The original search.cgi script, which was the basis for the original database search engine, was written in Perl. It simply took the user’s input string, lowercased the string, stripped out non-alphanumeric characters and used it as a key in the database hash file. If the key wasn’t mapped to any values, the search script reported that the search was unsuccessful. If the key was mapped to one game ID, the CGI script used an HTTP “Location:” header to redirect the web browser directly to the relevant game page. Finally, if the key returned multiple game IDs, the IDs were used as keys into another database hash file which mapped game IDs to game titles. Then the search engine would list the titles returned from the search.

Refinements

The search.cgi script also included a facility to log all of the search queries, as well as their success rates, to a file. This was done so I could analyze search queries that database users were actually attempting and identify weaknesses in the search scheme.

One problem that I noticed right away was the number of variations of the word ‘and’ used in game titles. The word could be represented as an ampersand (&) or the letter ‘n’, possibly with an apostrophe before, after, or before and after. For example:

  • Crash ‘n’ The Boys Street Challenge
  • A Boy & His Blob
  • Tombs And Treasure
  • Disney’s Chip ‘n Dale Rescue Rangers
  • Fire N Ice

In the original search scheme, a query of “crash and the boys” would return no results because the search engine database hash contained the string “crashntheboys”, but not “crashandtheboys”. I needed a standard “and”. Therefore, before stripping out non-alphanumeric characters, the Perl script that builds the hash file first replaces occurrences of ” & “, ” n “, ” ‘n “, ” n’ “, and ” ‘n’ ” with the string ” and ” (note that the spaces before and after those strings are important). Similarly, when the search.cgi script prepares a user’s query for the hash, it performs the same replacement.

Examining the log of search queries revealed a huge problem regarding sequel games where the sequel number is denoted as a Roman numeral, e.g., Castlevania II: Simon’s Quest and Castlevania III: Dracula’s Curse. Users would enter the search string “Castlevania 3”. The search engine hash database didn’t contain a string “castlevania3”; it does contain the string “castlevaniaiii”. Therefore, the search engine reported that there were no search results. I felt this was very poor search engine behavior since it’s very unambiguous (from a human perspective) what the user was looking for. I solved this problem by converting all numbers to Roman numerals in both the hash database and the search queries. Therefore, Super Mario Bros. 3 is represented in the hash file as “supermariobrosiii”. The game “1942” is not internally represented as “1942”, but as the Roman numeral “mcmxlii”. When a user inputs the search query “Castlevania 3”, the search engine converts the string into “castlevaniaiii” and queries the hash. The proper page could now be fetched.
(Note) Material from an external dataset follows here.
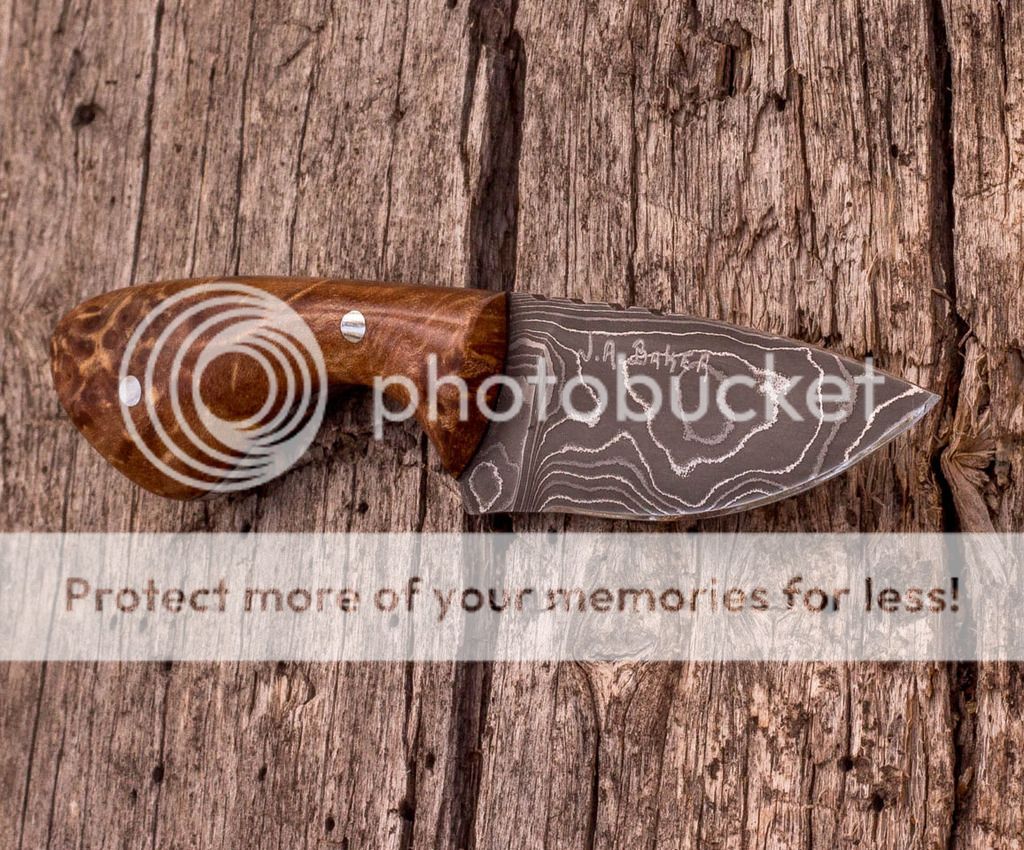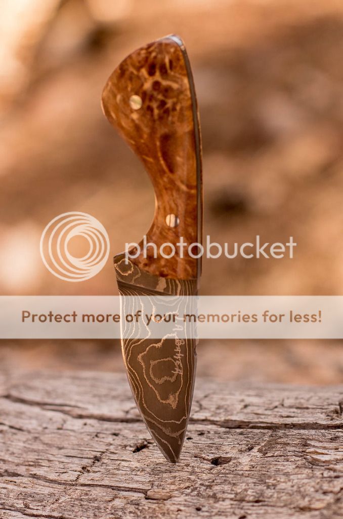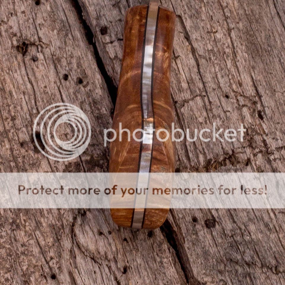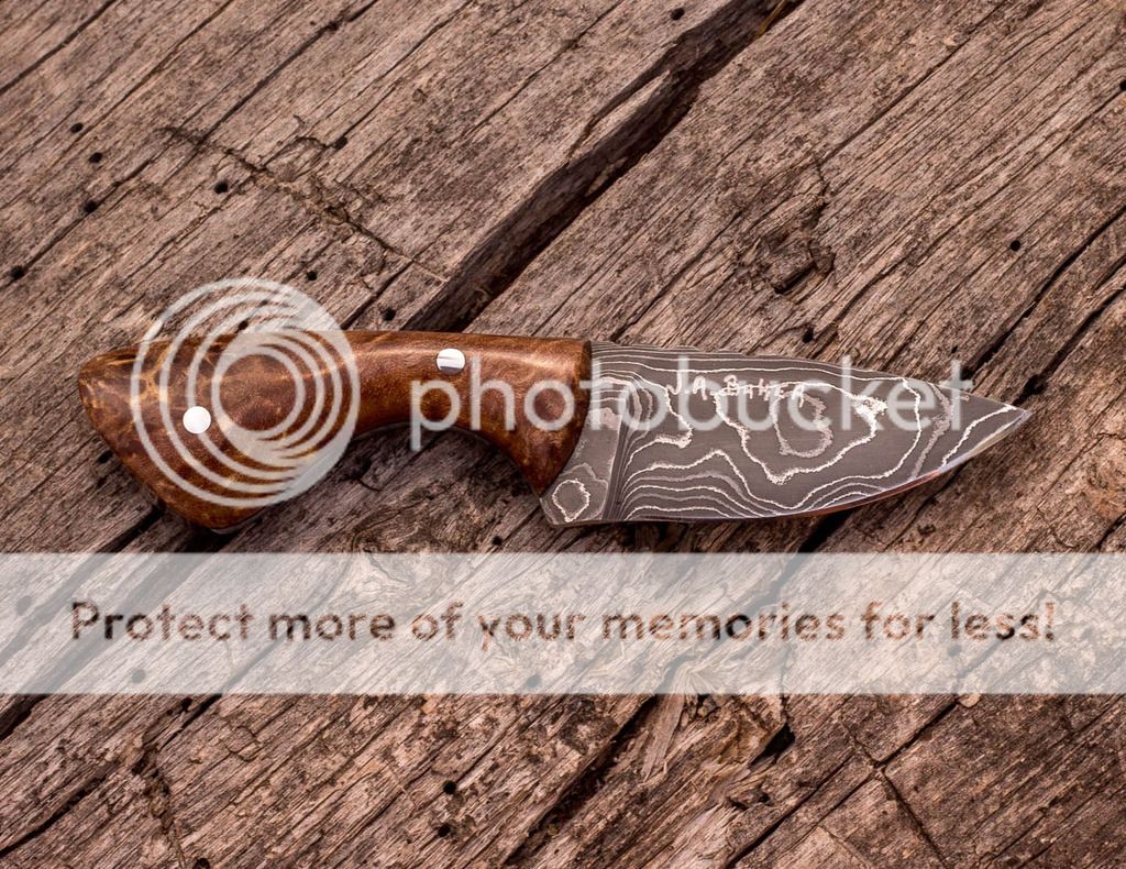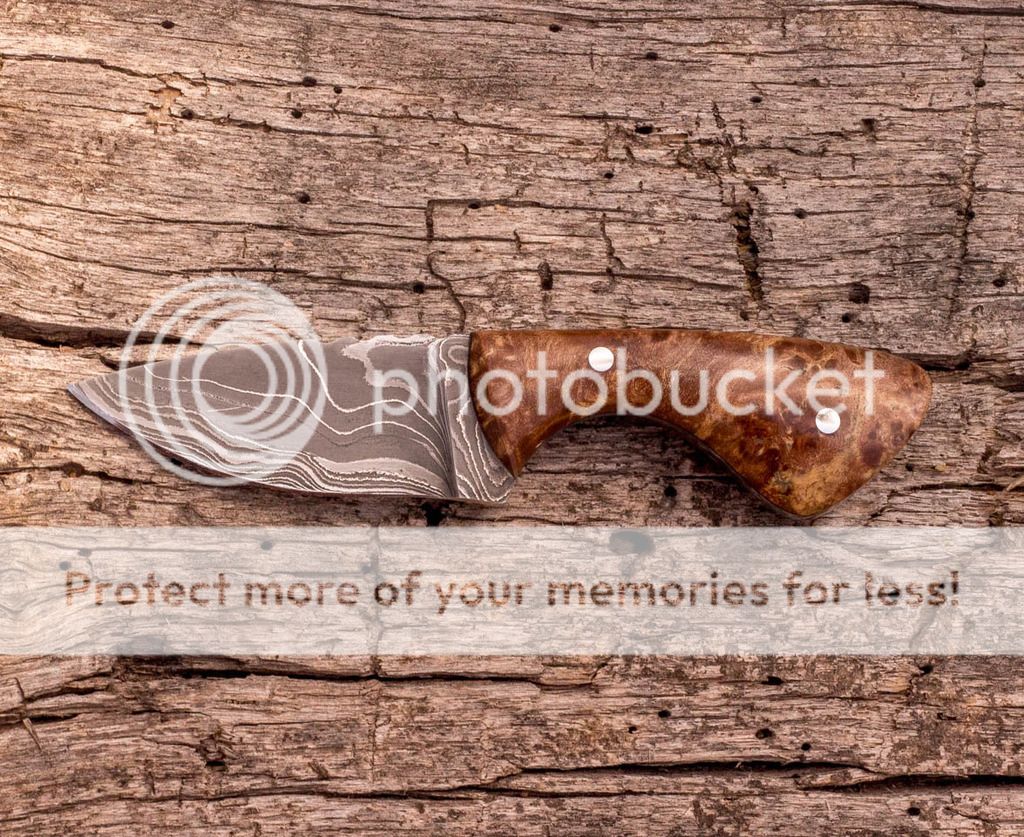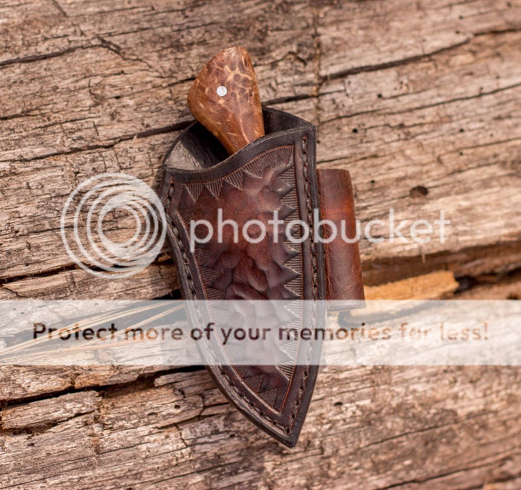 I have a small necker/pocket blade up for sale today. This one has a Damascus blade, stabilized figured maple scales with black spacers and has a tooled leather sheath set up for pocket or horizontal belt carry. A Kydex neck carry sheath can also be made for this. Prices listed below. Thank you for taking the time to check it out, Jeff.

Finally, it became clear that although the strict searching mechanism was effective, the search engine needed to have a looser searching mechanism as well. I came to refer to these concepts as the primary and secondary searches. The primary search takes a user’s search query, lowercases it, converts numbers to Roman numerals, strips out all non-lowercase alphabetic characters and uses the resulting string to query for game IDs in the hash file. If that returns 0 or more than 1 results, the search engine attempts a secondary search which consists of lowercasing the search query, converting numbers to Roman numerals and stripping out all non-lowercase alphabetic and non-space characters. Then, the search engine splits the query up by the spaces and queries the hash for each individual word. Then it returns a list of unique results (if there were any). As an example, a confused visitor might query for “Mega Ninja Gaiden” which would fail the primary search. However, the secondary search would return all of the games with “mega” in the title, as well as games with “ninja”, and games with “gaiden”. As a more realistic example, it wouldn’t be uncommon for a visitor to search for “super mario 3” which is a common conversational way of abbreviating Super Mario Bros. 3. Again, even though it’s clear from a human’s perspective what the user is looking for, the primary search would fail miserably. But the secondary search would find the right title (and a number of other titles) if it queried the hash for “super”, then “mario”, then “iii” (remember that “3” will be converted to a Roman numeral).

The Current Search Engine

The latest iteration of the database, online as of January, 2001, contains the capability to search through game keywords and creators as well as titles. There are two hashes for each category: The first hash maps permuted strings of the mangled powerset to IDs and the second maps IDs back to full names or titles. A Perl script named makedb.pl periodically generates all of the database hash files from the MySQL database. The search engine consists of a PHP script named search.php.

Conclusions

I realize that this is not the best search engine design. I haven’t studied the specifics of other search techniques (mostly because when I started my own search engine, there were no examples to study). However, it’s important to recognize that this search scheme works for me and my meager database and I haven’t yet needed to come up with a better scheme. I analyzed the specific problem that I had and developed an adequate solution. Maybe a similar solution will work for you too.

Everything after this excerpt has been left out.